Usefulness in ontology construction:

Is the class useful for error checking (via disjointness axioms)?

Is this class useful for design patterns?

Is this class useful for curators - e.g. used in templates or guiding template usage?

Sustainability

Does this class require multiple inheritance classification?

If yes please provide details/examples.

Can we use design patterns & reasoning to populate subclasses?

If yes, please provide details

Paul proposes:

This could be a generalization of the design-pattern/template for receptor if we can successfully pin down molecular sensor and specific molecular function reg.

Probably best to return to this once we've worked on the various subclasses.

[dosumis]

New generic pattern for molecular sensor. This uses specialized subproperties of has_part which, by convention, are intended to record upstream (sensor) regulating downstream (effector). As with the original proposal for defining receptors using has_ligand, the internal regulation edge is only implicit on the class level, but is made explicit in the corresponding LEGO template.

The following patterns are from a test model. (atomic function is just the name for a simple (non-compound) function in this test ontology.)

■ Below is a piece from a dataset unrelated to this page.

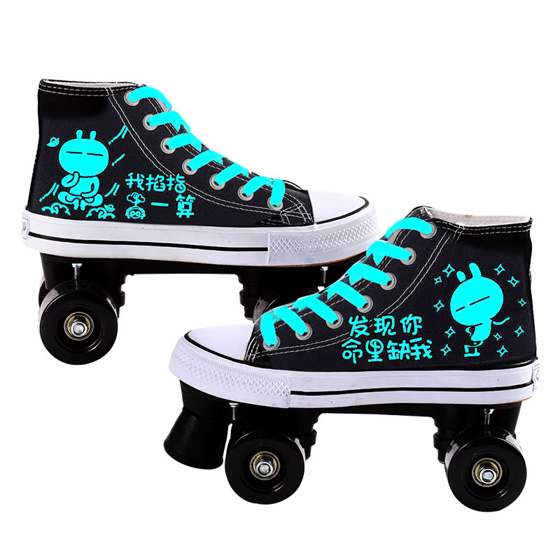 Canvas skates Adult double row roller roller skates Four wheel double row roller skates men's and women's fluorescent glitter roller skates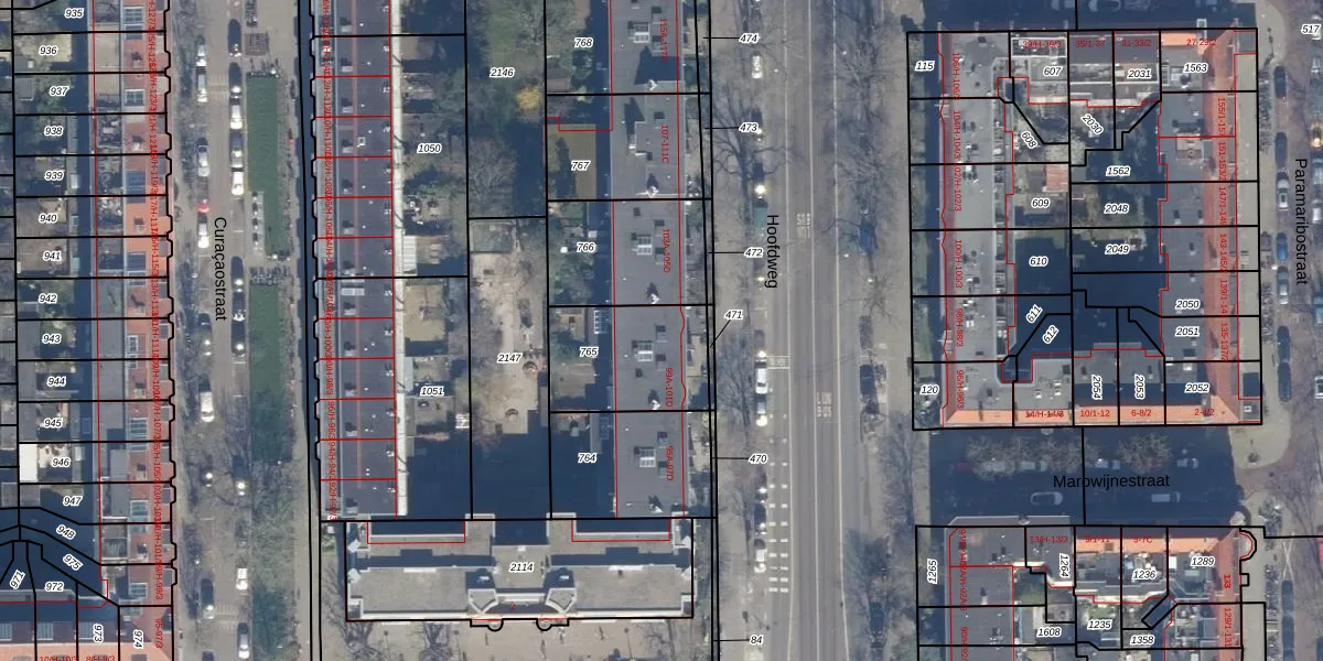 Het perceel waarop Hoofdweg 101-D staat heeft een oppervlakte van 390 m². Dit is een groot perceel. De perceeloppervlakte wordt geregistreerd door het Kadaster. Gedetailleerde informatie over de maten van dit perceel kunt u vinden in het rapport Kadastrale kaart met maatvoering van Hoofdweg 101-D.

(Note that photoreceptor is not classified as a receptor. Receptors receive molecular signals according to our definition.)

LEGO templates

[dosumis]

Signal transducer.

signal transducer activity is currently defined as: molecular_function that part_of some 'signal transduction'

This term is entirely redundant with BP and so we should consider obsoleting. If not, the class is still not a molecular transducer as defined here, because it has not all signal transducers have a sensing subfunction. For example, MAPK is a signal transducer but is activated by covalent modification rather than sensing some signal via binding (unless anyone want an MF: 'subfunction phosphorylation state detector activity'?...).

[dosumis]

Relationship to sensor activity

We get rid of this grouping class. Nothing is a sensor without an effector. But we need some detector classes (for pH, redox; membrane potential (AKA voltage)). This allows us to have classes like:

calcium sensing transducer activity EquivalentTo: molecular transducer that has_sensor some calcium binding

redox sensing transducer activity EquivalentTo: molecular transducer that has_sensor some redox state detector

A step too far?

We may be able to safely link to regulation of X concentration in Y terms.

For example:

'regulation of cytosolic calcium levels' (SubClassOf) regulates some (calcium sensing transducer activity that occurs_in some cytosol)

[dosumis]

Relationship to ligands: see https://github.com/geneontology/molecular_function_refactoring/issues/30

[dosumis]

Transcription factor design/template pattern is likely to use a compound function in the effector slot, so the general pattern should be broadened to 'molecular function'. I'm slightly worried about letting curators loose with such a powerful pattern though. And we need to think carefully about rules for inference of annotation in GPAD. Do we need to follow part chains transitively? If we do so, will this be opaque/confusing to curators?

[thomaspd]

Regarding sensing classes, here's the latest suggestion:

Importantly it includes terms for sensing a small molecule second messenger (so we can handle indirect regulation via small molecules) and post-translational modification states (so multiple detection events can ultimately be integrated)

[dosumis]

Sensors, transducers, direct regulation and LEGO - discussion doc

[dosumis]

Is it possible for a sensor to exist outside of a transducer? Isn't this like one hand clapping?

[dosumis]

A simpler proposal:

Continue to classify transducers by effector function (as most are now). Record sensor function via directly_regulated_by.

How this could work:

LEGO is an instance graph, so all inverses will be inferred:

directly positively regulated by inverseOf directly positively regulates enabled by inverseOf enables

Inference of inputs: directly positively regulates o enabled by -> has input

'transducer activity': EquivalentTo ('biochemical activity' that 'directly regulated by' some 'biochemical activity')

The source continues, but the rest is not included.